> [About this task]: Nothing but the lines below, from the first through the line containing "Σέξι και προκλητικός, σε", should be set down, each one exactly and without pictures.

> [Material provided]:
-- Opening Marker --

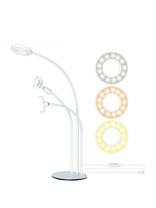 Отзывы на Штатив-держатель смартфона и микрофона с кольцевой LED лампой Selfie 3 в 1, белый
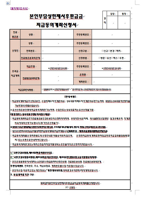 - 본인부담상한액 초과금 지급동의계좌신청서
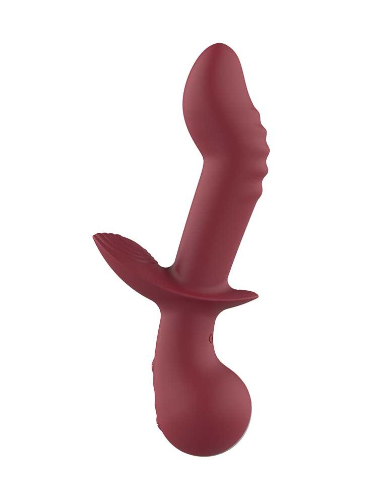 Σέξι και προκλητικός, σε βαθύ κόκκινο, ο δονητής διαθέτει έναν απαλής υφής, στιβαρό, αλλά εύκαμπτο άξονα με σειρά πτυχώσεων στη ράχη του για ισχυρότερη διέγερση κατά την επαφή και κυρτό άκρο με έντονη κλίση προς τα μέσα για άνετη, κολπική διείσδυση, καθώς και ένα πολύ μικρότερο τμήμα, με απαλές ραβδώσεις, για ανεπανάληπτη τόνωση της κλειτορίδας.
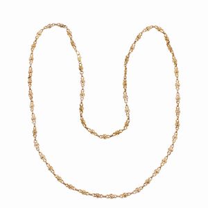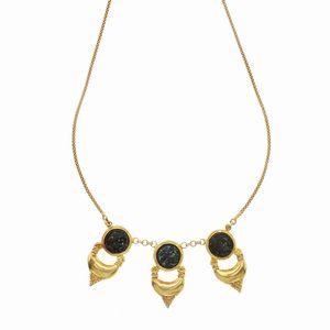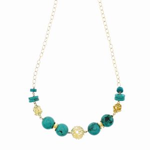 Lunga collana in argento dorato con malachite, madreperla, pietre dure e perle fresh [..]

-- Closing Marker --

> [Written answer]:
 Отзывы на Штатив-держатель смартфона и микрофона с кольцевой LED лампой Selfie 3 в 1, белый
 - 본인부담상한액 초과금 지급동의계좌신청서
 Σέξι και προκλητικός, σε βαθύ κόκκινο, ο δονητής διαθέτει έναν απαλής υφής, στιβαρό, αλλά εύκαμπτο άξονα με σειρά πτυχώσεων στη ράχη του για ισχυρότερη διέγερση κατά την επαφή και κυρτό άκρο με έντονη κλίση προς τα μέσα για άνετη, κολπική διείσδυση, καθώς και ένα πολύ μικρότερο τμήμα, με απαλές ραβδώσεις, για ανεπανάληπτη τόνωση της κλειτορίδας.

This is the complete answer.